• _Data excerpts_:
::::::
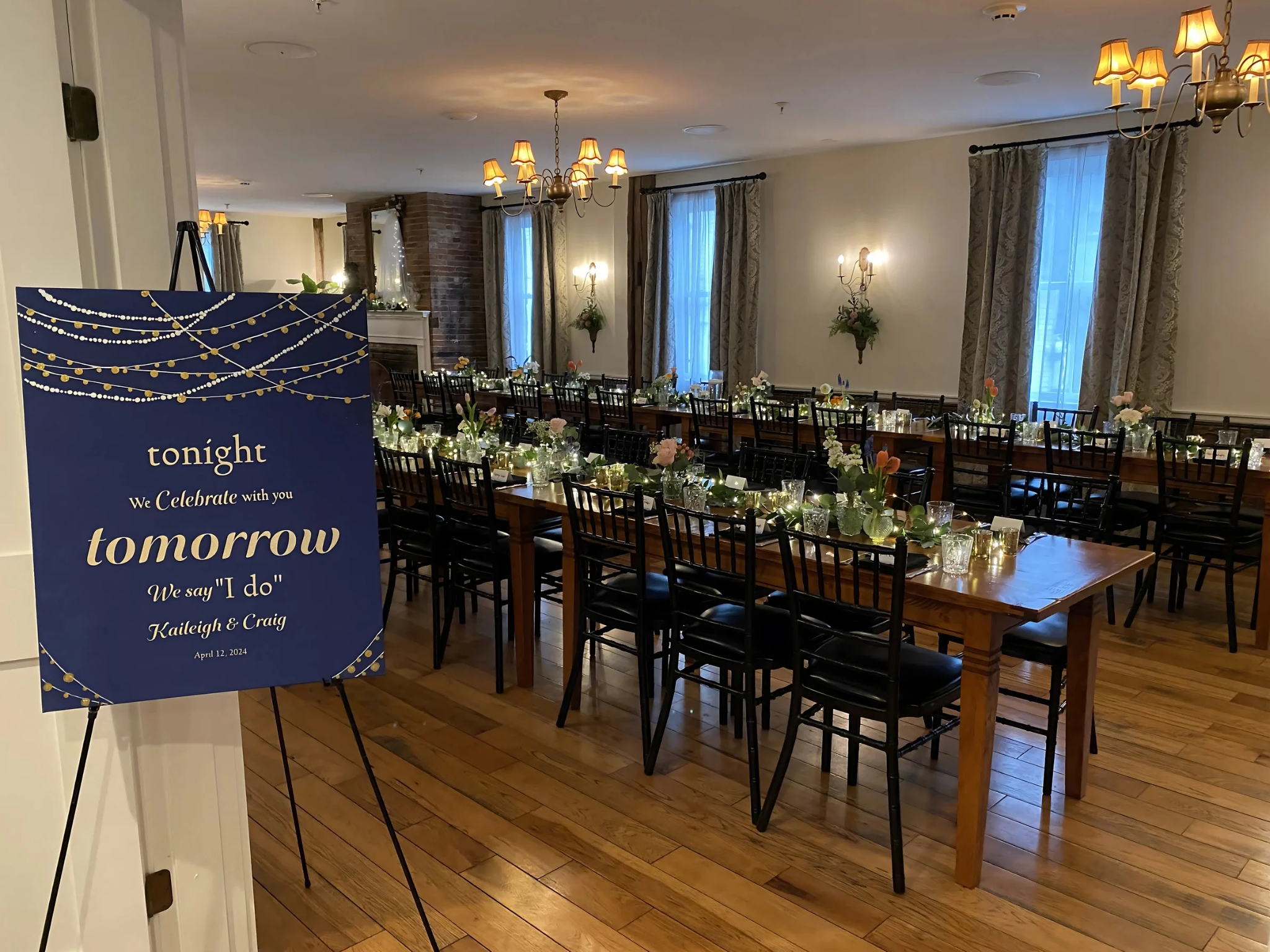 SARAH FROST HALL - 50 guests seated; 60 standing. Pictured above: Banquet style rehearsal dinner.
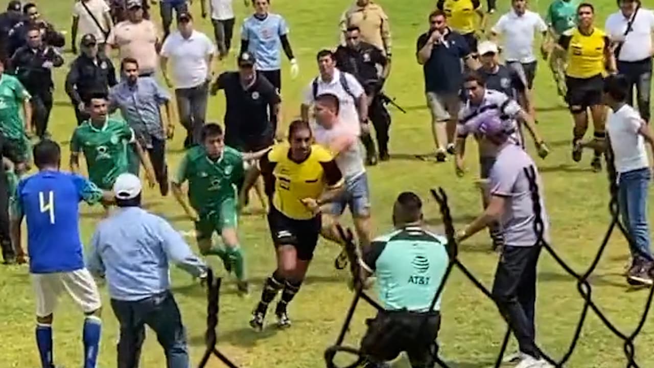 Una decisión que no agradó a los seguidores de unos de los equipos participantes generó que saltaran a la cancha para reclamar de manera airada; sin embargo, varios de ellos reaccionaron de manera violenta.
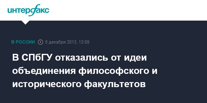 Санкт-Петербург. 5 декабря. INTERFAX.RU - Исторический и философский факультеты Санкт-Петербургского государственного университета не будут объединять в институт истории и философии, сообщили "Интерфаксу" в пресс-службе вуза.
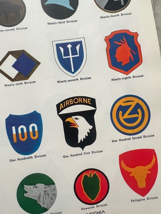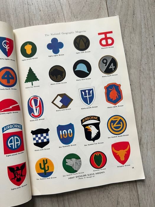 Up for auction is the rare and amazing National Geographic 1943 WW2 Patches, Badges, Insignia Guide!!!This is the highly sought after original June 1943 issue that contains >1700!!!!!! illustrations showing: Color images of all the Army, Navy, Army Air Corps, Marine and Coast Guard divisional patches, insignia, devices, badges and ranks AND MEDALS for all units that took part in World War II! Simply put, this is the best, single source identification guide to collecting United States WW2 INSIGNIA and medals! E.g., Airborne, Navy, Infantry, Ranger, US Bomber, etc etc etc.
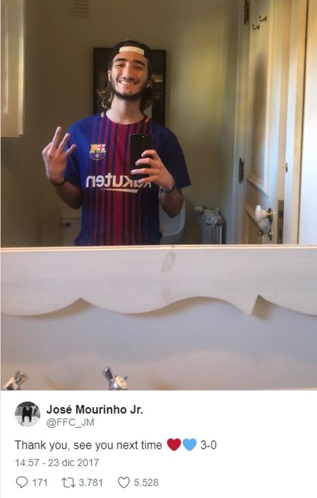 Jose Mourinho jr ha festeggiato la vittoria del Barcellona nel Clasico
::::::
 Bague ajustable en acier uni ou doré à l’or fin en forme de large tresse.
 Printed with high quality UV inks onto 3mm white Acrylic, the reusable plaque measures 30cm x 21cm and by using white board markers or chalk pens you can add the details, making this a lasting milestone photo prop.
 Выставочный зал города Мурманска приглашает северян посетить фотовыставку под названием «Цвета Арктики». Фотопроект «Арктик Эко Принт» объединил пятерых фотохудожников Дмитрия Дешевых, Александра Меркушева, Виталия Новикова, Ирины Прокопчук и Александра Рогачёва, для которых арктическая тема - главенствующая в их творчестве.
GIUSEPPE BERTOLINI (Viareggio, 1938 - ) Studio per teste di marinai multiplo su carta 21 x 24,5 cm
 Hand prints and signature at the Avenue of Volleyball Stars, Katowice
::::::
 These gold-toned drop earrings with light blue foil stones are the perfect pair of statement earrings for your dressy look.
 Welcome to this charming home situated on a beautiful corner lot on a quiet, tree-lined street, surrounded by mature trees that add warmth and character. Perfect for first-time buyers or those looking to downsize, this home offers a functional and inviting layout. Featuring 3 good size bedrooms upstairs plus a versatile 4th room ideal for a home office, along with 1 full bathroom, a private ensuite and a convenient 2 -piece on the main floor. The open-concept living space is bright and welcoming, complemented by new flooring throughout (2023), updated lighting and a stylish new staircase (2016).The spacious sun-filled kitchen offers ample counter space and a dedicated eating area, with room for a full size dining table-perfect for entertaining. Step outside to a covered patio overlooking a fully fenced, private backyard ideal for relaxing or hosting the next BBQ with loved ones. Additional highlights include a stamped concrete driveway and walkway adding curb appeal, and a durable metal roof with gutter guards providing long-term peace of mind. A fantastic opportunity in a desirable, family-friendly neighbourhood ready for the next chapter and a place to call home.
::::::
• _Exercise prompt_: In the listing above, find the line with "SARAH FROST HALL" and the line with "Jose Mourinho jr". Set down both and every line between them, minus the pictures.

• _Answer to the problem_:
 SARAH FROST HALL - 50 guests seated; 60 standing. Pictured above: Banquet style rehearsal dinner.
 Una decisión que no agradó a los seguidores de unos de los equipos participantes generó que saltaran a la cancha para reclamar de manera airada; sin embargo, varios de ellos reaccionaron de manera violenta.
 Санкт-Петербург. 5 декабря. INTERFAX.RU - Исторический и философский факультеты Санкт-Петербургского государственного университета не будут объединять в институт истории и философии, сообщили "Интерфаксу" в пресс-службе вуза.
 Up for auction is the rare and amazing National Geographic 1943 WW2 Patches, Badges, Insignia Guide!!!This is the highly sought after original June 1943 issue that contains >1700!!!!!! illustrations showing: Color images of all the Army, Navy, Army Air Corps, Marine and Coast Guard divisional patches, insignia, devices, badges and ranks AND MEDALS for all units that took part in World War II! Simply put, this is the best, single source identification guide to collecting United States WW2 INSIGNIA and medals! E.g., Airborne, Navy, Infantry, Ranger, US Bomber, etc etc etc.
 Jose Mourinho jr ha festeggiato la vittoria del Barcellona nel Clasico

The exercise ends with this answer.